Runbook: GCBloatHigh
Source of truth:
tools/observability/alerts/angarabase_alerts.yaml. Backed by: RM-0.6.3.8 S7.
What It Means
angarabase_gc_tuning_bloat_ratio_percent > 50 — for each “live” version there is
more than one “dead” version (which AngaraGC cannot remove). Most often this is a symptom
of a blocking long transaction (see LongTransaction).
Severity
warning. At 80%+ bloat, the buffer pool hit ratio drops.
Initial response
- Grafana Overview v2 → row “GC / MVCC”.
- Check the
LongTransactionalert — the root cause is usually there. - Check
gc_tuning_state— whether auto-tuning is reacting by itself.
Diagnostics
curl -sf http://127.0.0.1:9898/metrics | rg gc_
curl -sf http://127.0.0.1:9898/metrics | rg mvcc_
# Top tables by bloat
psql -c "SELECT schemaname, relname, n_dead_tup, n_live_tup,
round(100.0 * n_dead_tup / NULLIF(n_live_tup,0), 2) AS bloat_pct
FROM pg_stat_user_tables
WHERE n_dead_tup > 1000
ORDER BY bloat_pct DESC NULLS LAST LIMIT 10;"
Mitigation
- Close long transactions — see LongTransaction.
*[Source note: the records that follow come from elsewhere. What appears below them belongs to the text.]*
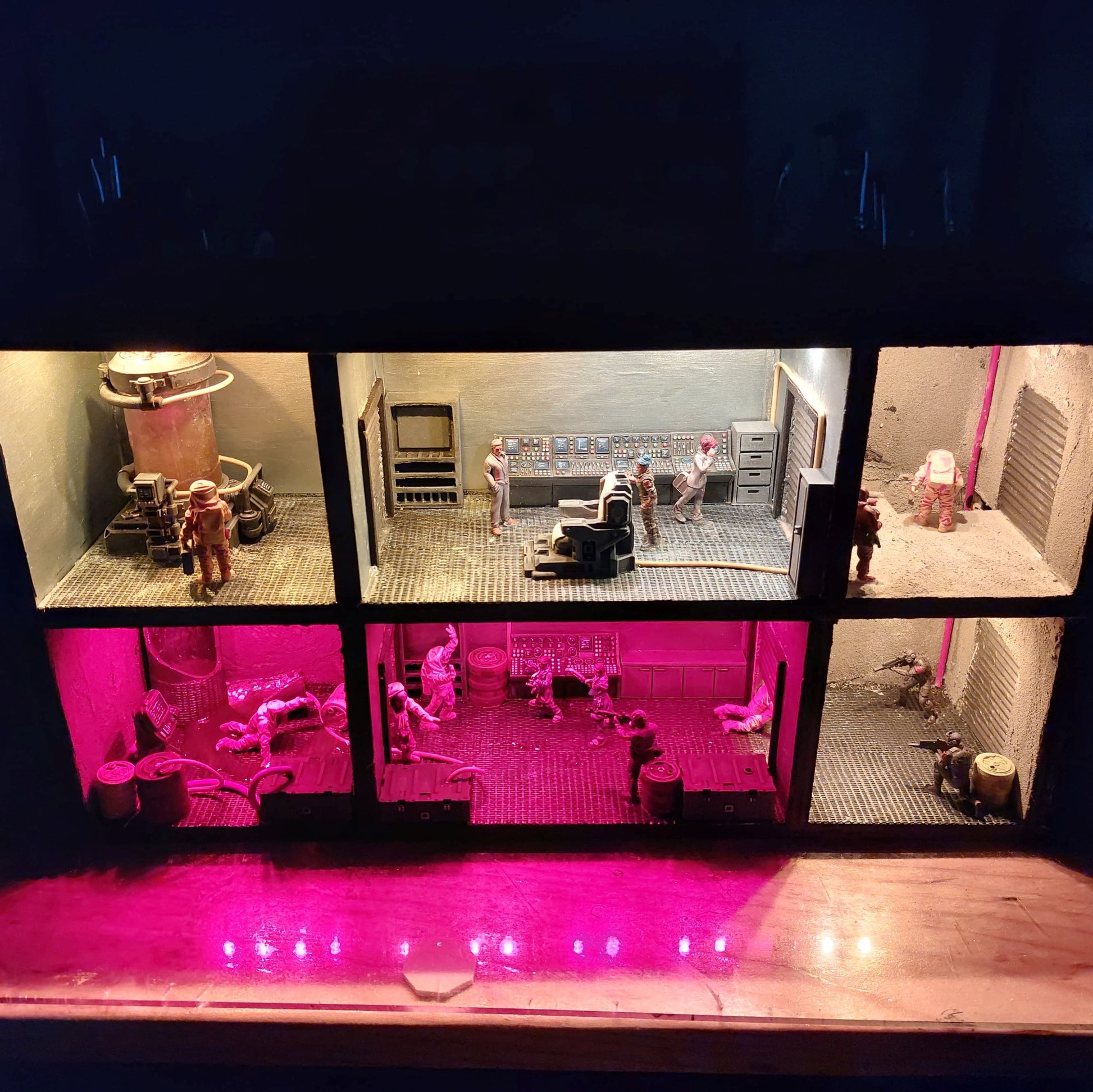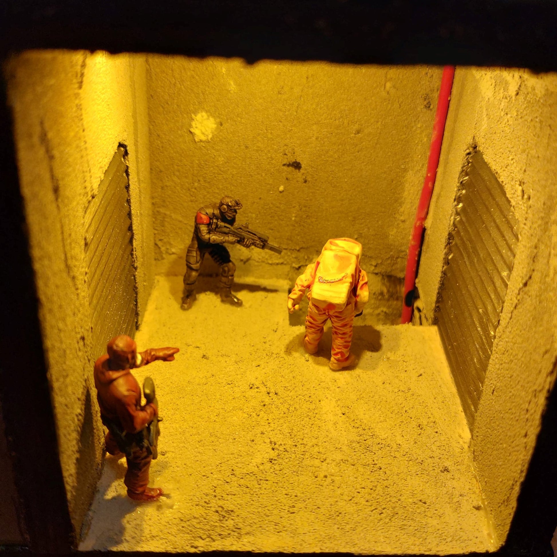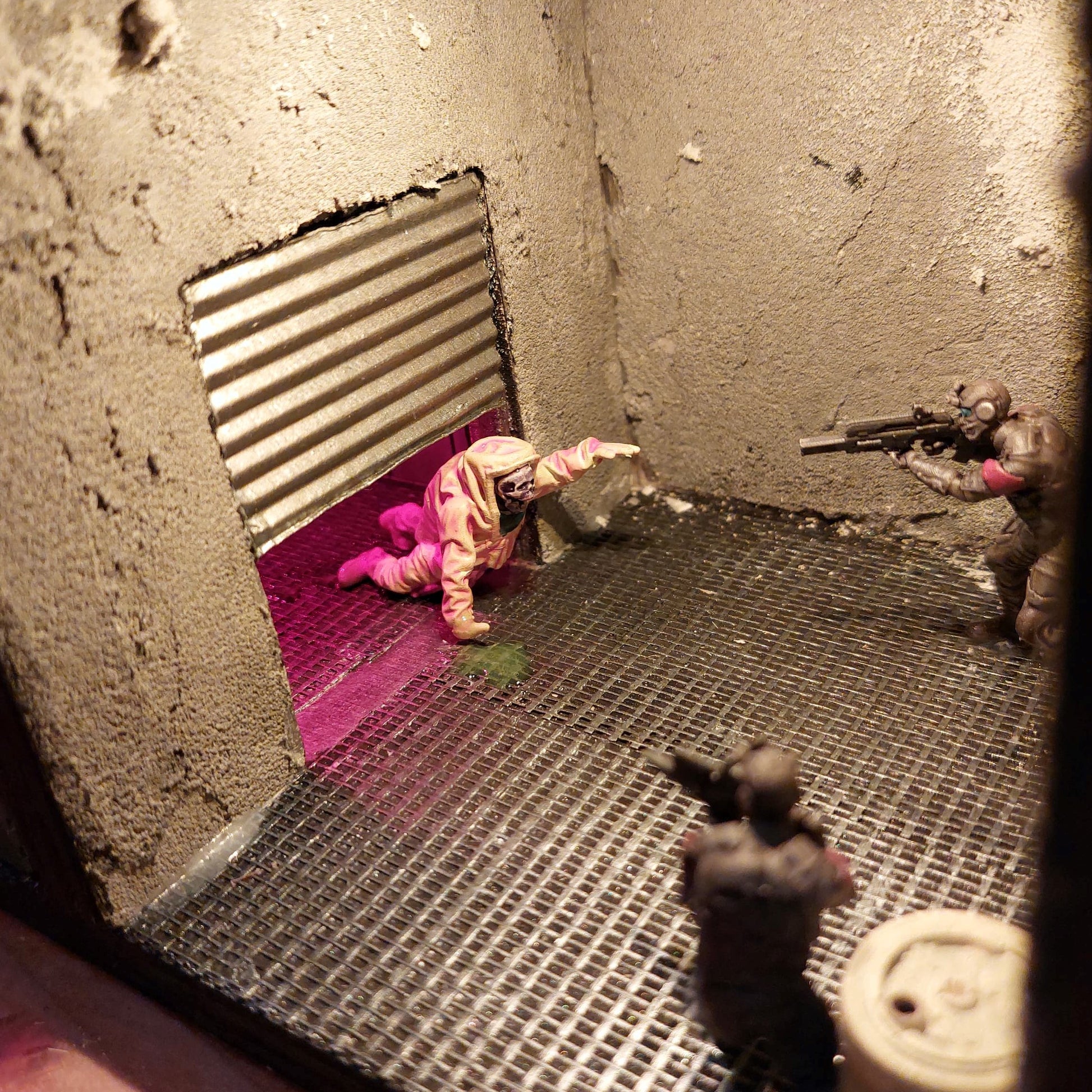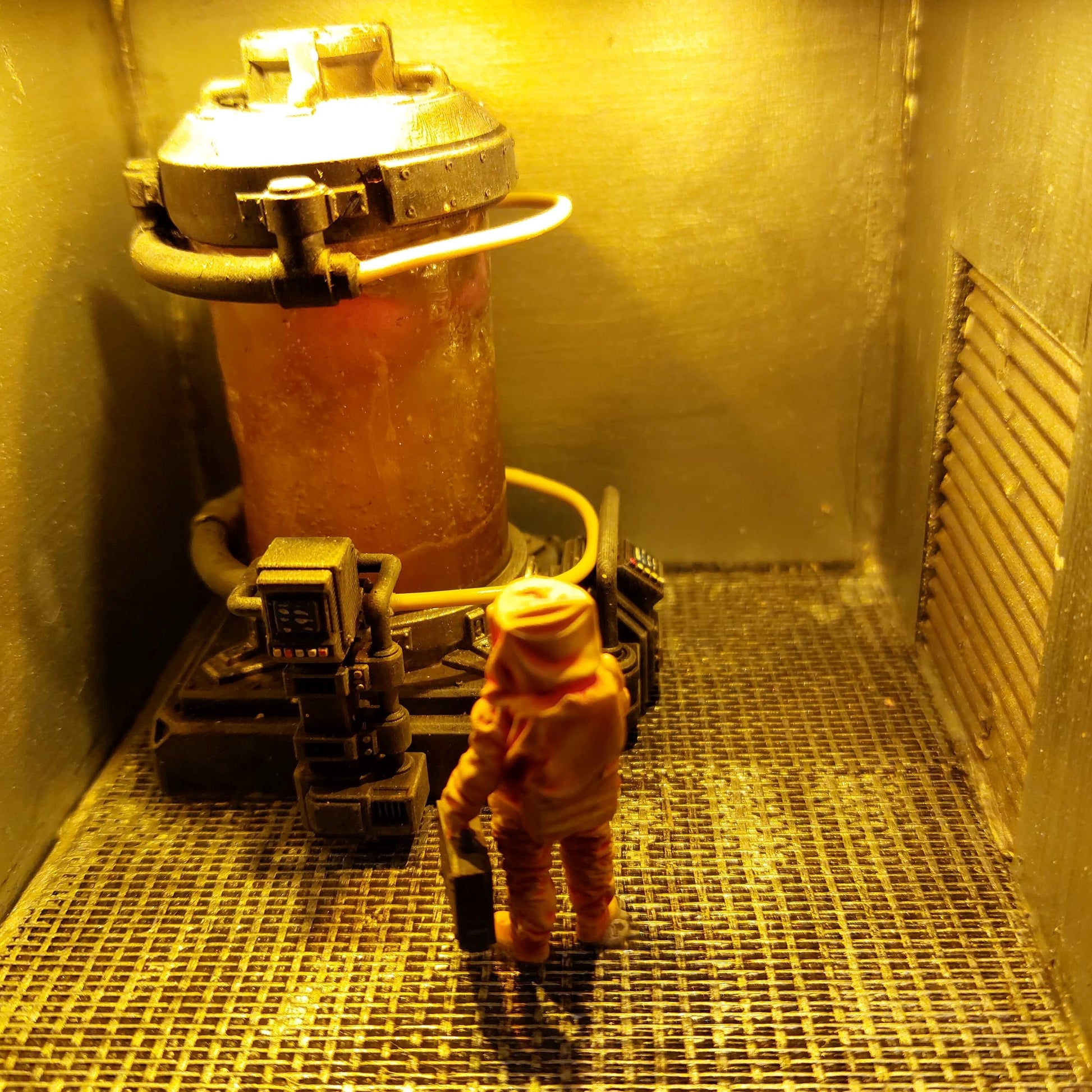 This bookshelf insert shows the inside of a laboratory, where a spill has occurred downstairs, and both guards and researchers have to fight for their lives. But on the second floor, the laboratory is still intact, and it can look like someone is trying to get something out. Who are these people in suits? And what is inside the tank at the bottom of the laboratory?
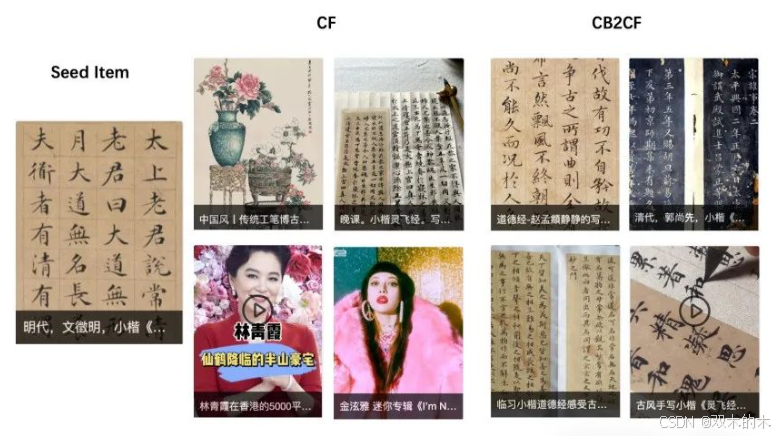 下图展示了给定一个描述中国书法的低参与度内容时,从CF和CB2CF生成的最相似内容的示例。显然,在这种情境下,所提出的CB2CF方法能够检索到更多相似内容,而CF则检索到了与娱乐和绘画相关的内容。
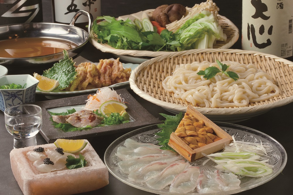 ’17年6月にオープンするやいなや、ダシの旨さで評判のうどん居酒屋『博多うどん処 泰吉』。昆布と鰹節を独自にブレンドした絶品ダシをさらに楽しむのにオススメなのが『鯛と雲丹のうどんダシしゃぶしゃぶコース』(4,000円)。ウニを鯛で包んでダシにくぐらせると旨味が倍増!目からウロコの新しい食べ方と大評判!!〆はうどんor雑炊から選べるので、旨味が溶け出したスープを最後の一口まで飲み尽くしてみて♡また、前日までに予約をすれば昼でも楽しめるので、県外客をもてなす際はぜひ利用してみよう♪
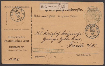 1889, portofreie Inlands-Paketkarte mit Vordruck und Siegelstempel des Statistischen Amtes als "Reichs-Dienst-Sache" (Ra1) nach Fürth
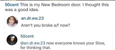 50 Cent shared this photo of a vault door as his bedroom door and captioned it..”This is my New bedroom door. I thought this was a good idea”.and got the reaction above from a fan. Of course he replied the fan, lol.
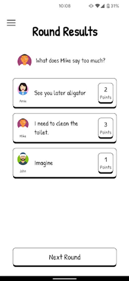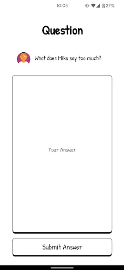 Laugh out loud with "What?", the fun party game that will put your sense of humor to the test. With a variety of silly questions about a random playmate, you and your friends will be challenged to find the funniest answers and then vote on the best one.

- Run vacuum on hot tables.
- Tune GC — increase auto-tuning aggressiveness (see mvcc-gc.md §Knobs).
- Full rebuild (downtime) if bloat > 70% and vacuum does not help.
Escalation
If bloat > 70% and does not fall after vacuum + closing long txns, collect diagnostics and escalate (service downtime may be needed).